EXERCISE PROMPT → Copy the following data exactly and drop the pictures.
··· GIVEN MATERIAL ···
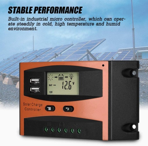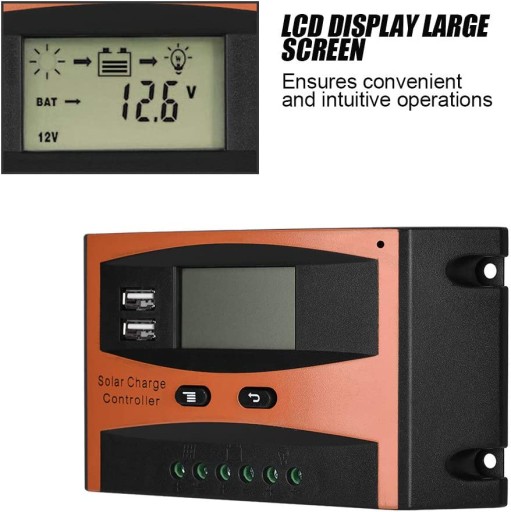 Повний захист забезпечує захист від перевантаження, перерозряду, перевантаження, короткого замикання і зворотного підключення. Подвійний вихід USB, легке підключення до мобільних телефонів до максимального струму 25 А, дозволяє швидко та ефективно заряджати мобільні телефони. Подвійний вихід USB, легке підключення до мобільних телефонів до максимального струму 25 А, дозволяє швидко та ефективно заряджати мобільні телефони. Великий РК-дисплей забезпечує зручне та інтуїтивно зрозуміле керування. Повністю 3-ступеневе управління зарядкою, періодичне балансування заряду батареї може ефективно запобігти дисбалансу батареї та сульфатації, подовжуючи стабільну продуктивність вбудованого промислового мікроконтролера, який може регулярно працювати при низькій температурі та вологому середовищі.
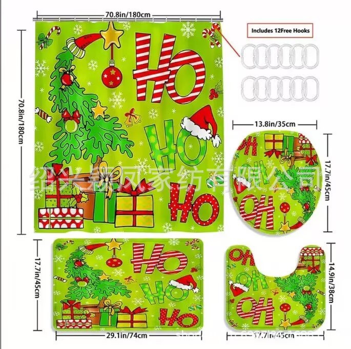 クリスマスツリー クリスマス バスルームカーテン 浴室仕切りカーテン デジタルプリント トイレ3点セット 4点セット 大量注文割引あり
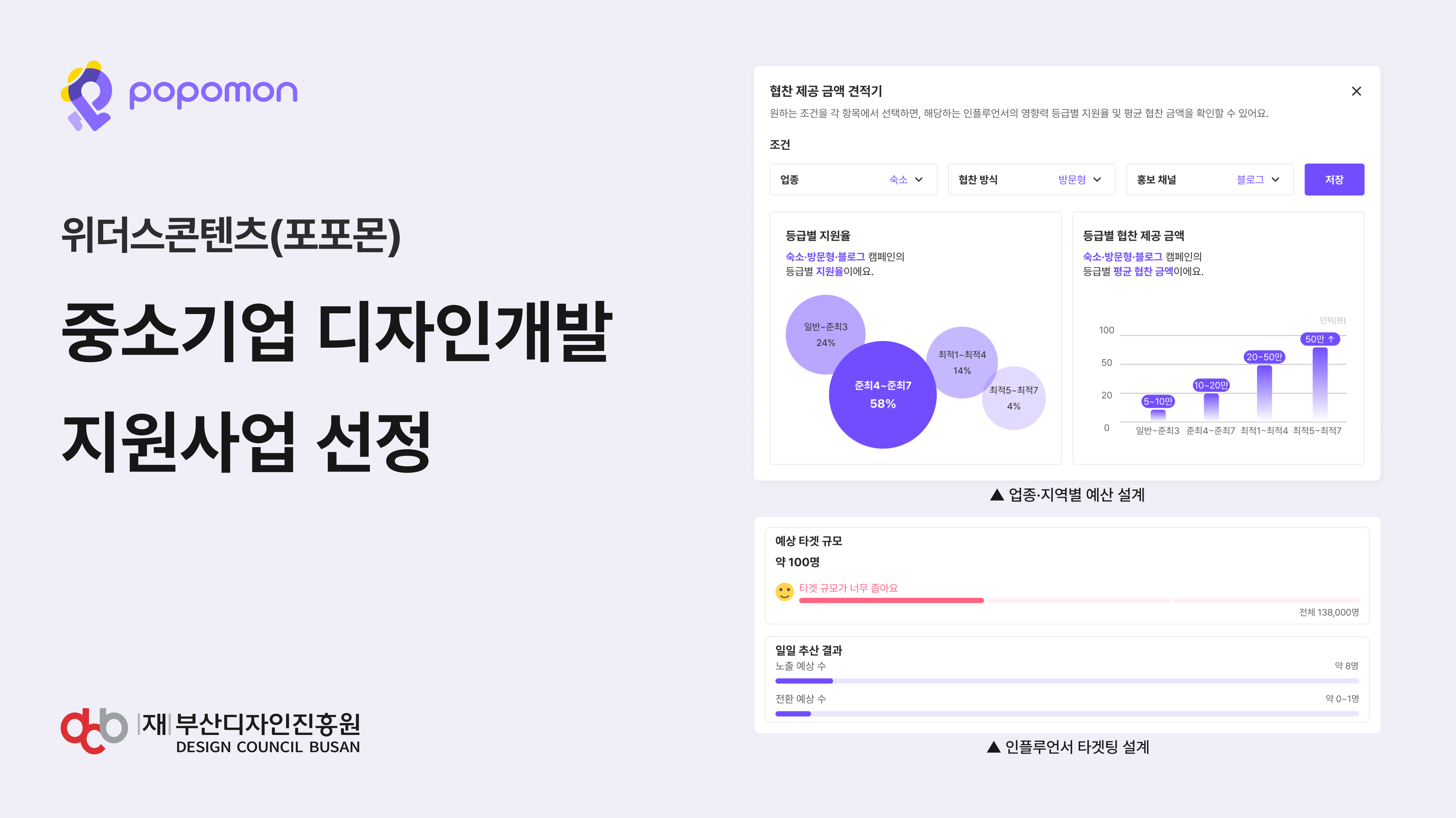 이번 지원사업을 통해 포포몬은 ‘인플루언서 매칭 설계 시뮬레이션 UI’를 개발한다. 주요 기능은 세 가지다. 업종·지역·타겟 설정에 따라 매칭 평균 단가를 제공해 예산 설계를 돕는 ‘업종·지역별 예산 설계’, 채널 유형과 영향력 등의 데이터를 활용해 캠페인 성과를 예측하는 ‘인플루언서 타겟팅 설계’, 적합한 대상에게 캠페인을 노출하는 ‘개인화 추천 시스템’이다.
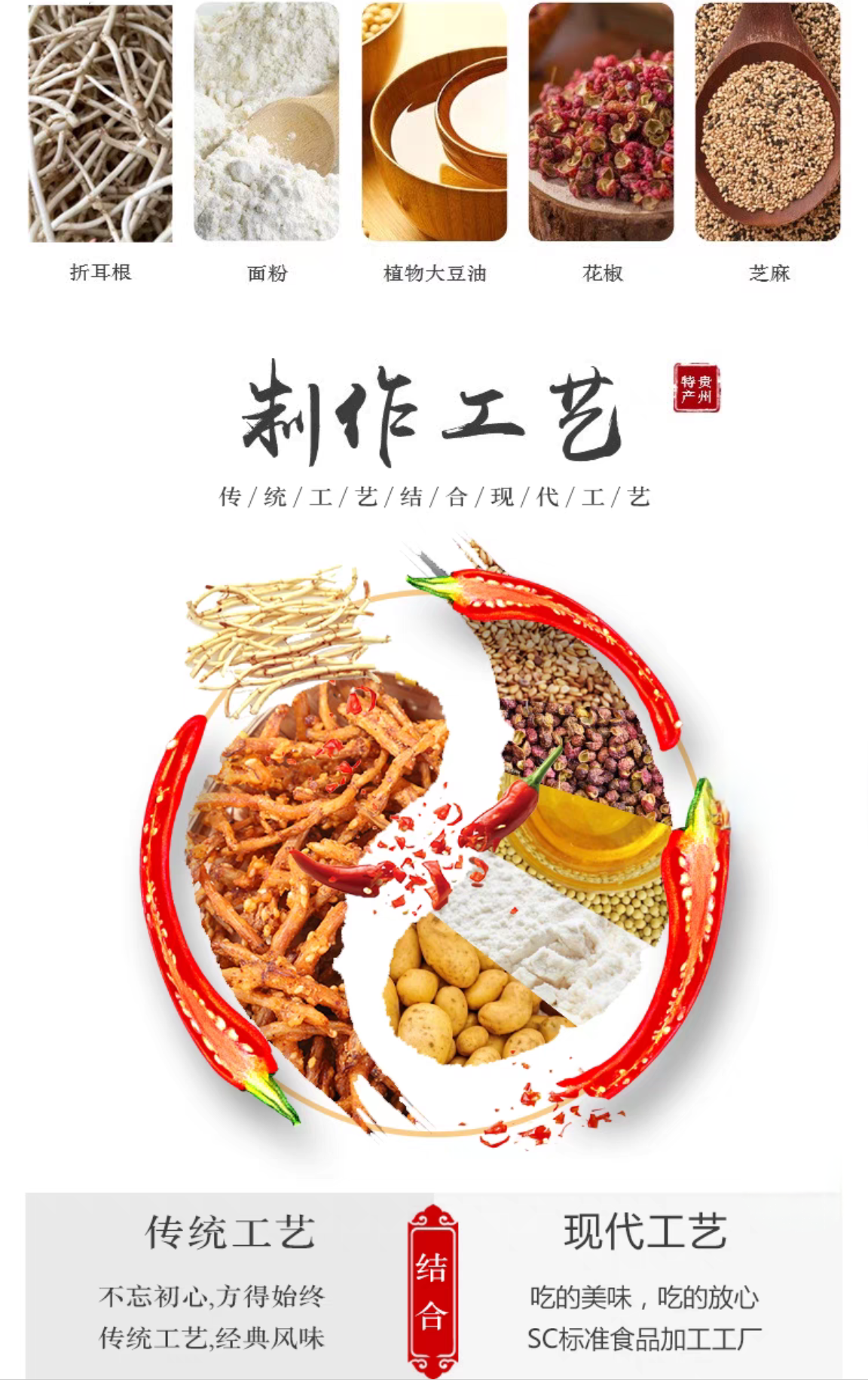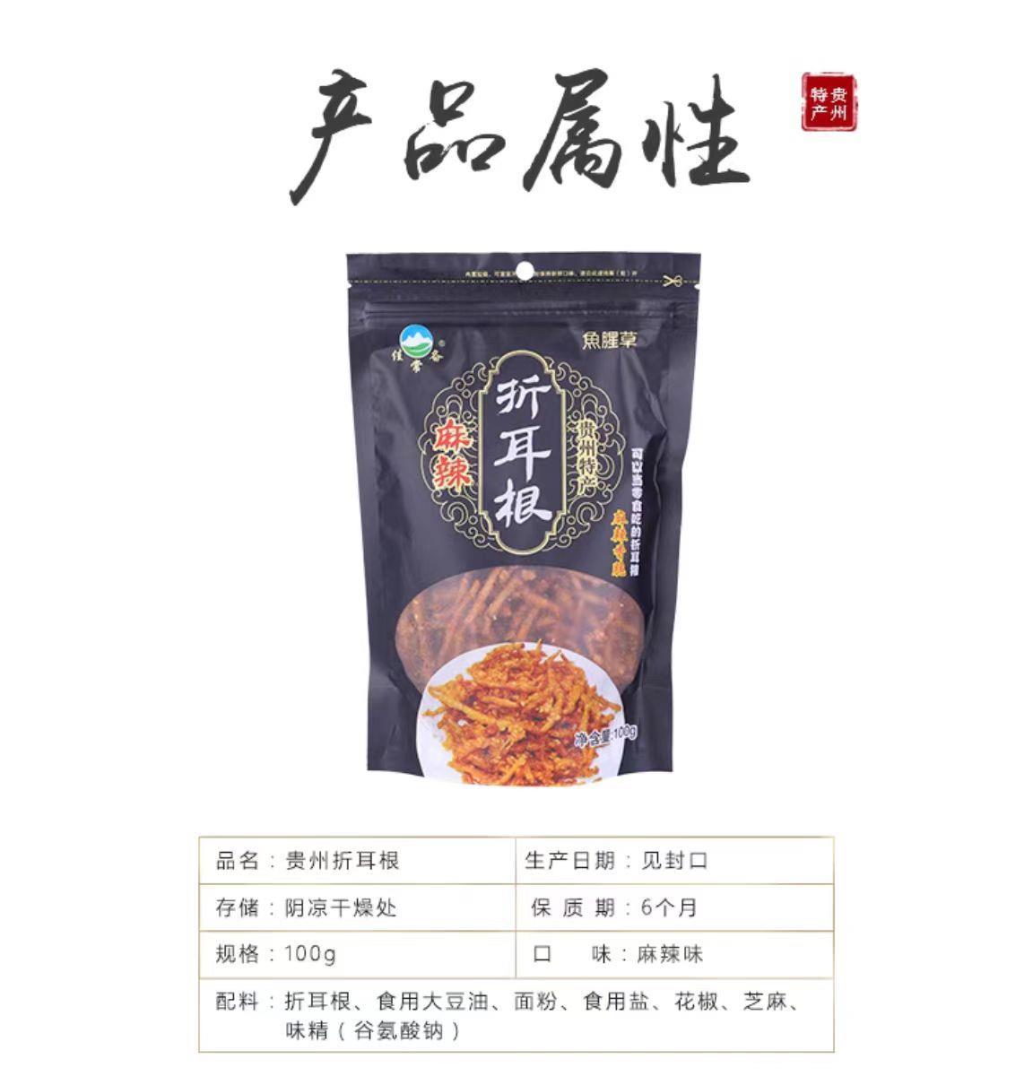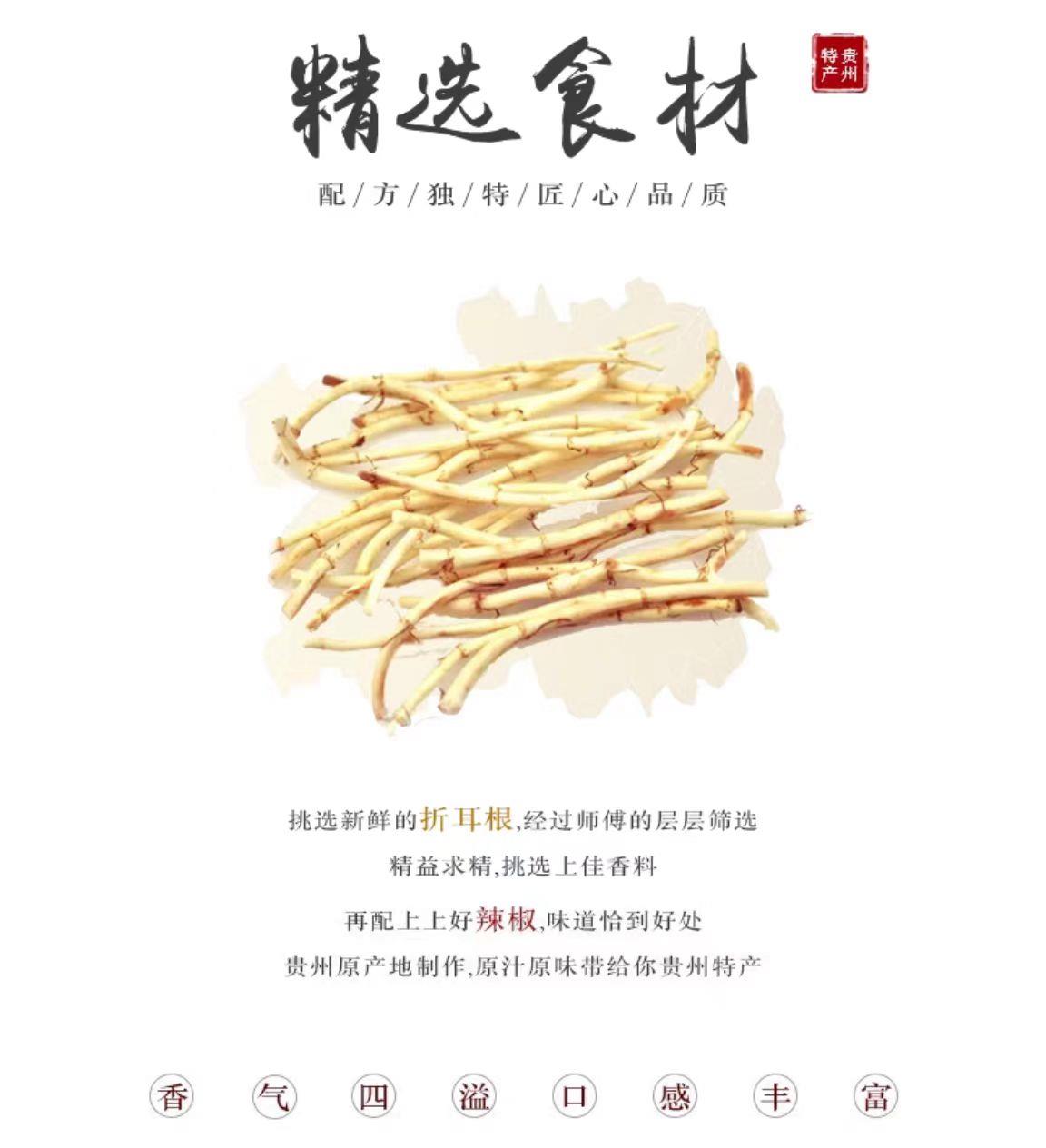 麻辣折耳根是一种贵州特色零食,采用贵州传统美食折耳根(又名鱼腥草)为原料,经过传统手工工艺制作而成,制作过程包括洗净、油炸、沥干、配料、拌料、封装等步骤。食用时,其独特的香味与麻辣味融合一体,口感香脆。它不含防腐剂,具有麻辣香脆的口感,既可作为零食,也可作为配菜。
···
OUTPUT FOR THIS EXERCISE →
 Повний захист забезпечує захист від перевантаження, перерозряду, перевантаження, короткого замикання і зворотного підключення. Подвійний вихід USB, легке підключення до мобільних телефонів до максимального струму 25 А, дозволяє швидко та ефективно заряджати мобільні телефони. Подвійний вихід USB, легке підключення до мобільних телефонів до максимального струму 25 А, дозволяє швидко та ефективно заряджати мобільні телефони. Великий РК-дисплей забезпечує зручне та інтуїтивно зрозуміле керування. Повністю 3-ступеневе управління зарядкою, періодичне балансування заряду батареї може ефективно запобігти дисбалансу батареї та сульфатації, подовжуючи стабільну продуктивність вбудованого промислового мікроконтролера, який може регулярно працювати при низькій температурі та вологому середовищі.
 クリスマスツリー クリスマス バスルームカーテン 浴室仕切りカーテン デジタルプリント トイレ3点セット 4点セット 大量注文割引あり
 이번 지원사업을 통해 포포몬은 ‘인플루언서 매칭 설계 시뮬레이션 UI’를 개발한다. 주요 기능은 세 가지다. 업종·지역·타겟 설정에 따라 매칭 평균 단가를 제공해 예산 설계를 돕는 ‘업종·지역별 예산 설계’, 채널 유형과 영향력 등의 데이터를 활용해 캠페인 성과를 예측하는 ‘인플루언서 타겟팅 설계’, 적합한 대상에게 캠페인을 노출하는 ‘개인화 추천 시스템’이다.
 麻辣折耳根是一种贵州特色零食,采用贵州传统美食折耳根(又名鱼腥草)为原料,经过传统手工工艺制作而成,制作过程包括洗净、油炸、沥干、配料、拌料、封装等步骤。食用时,其独特的香味与麻辣味融合一体,口感香脆。它不含防腐剂,具有麻辣香脆的口感,既可作为零食,也可作为配菜。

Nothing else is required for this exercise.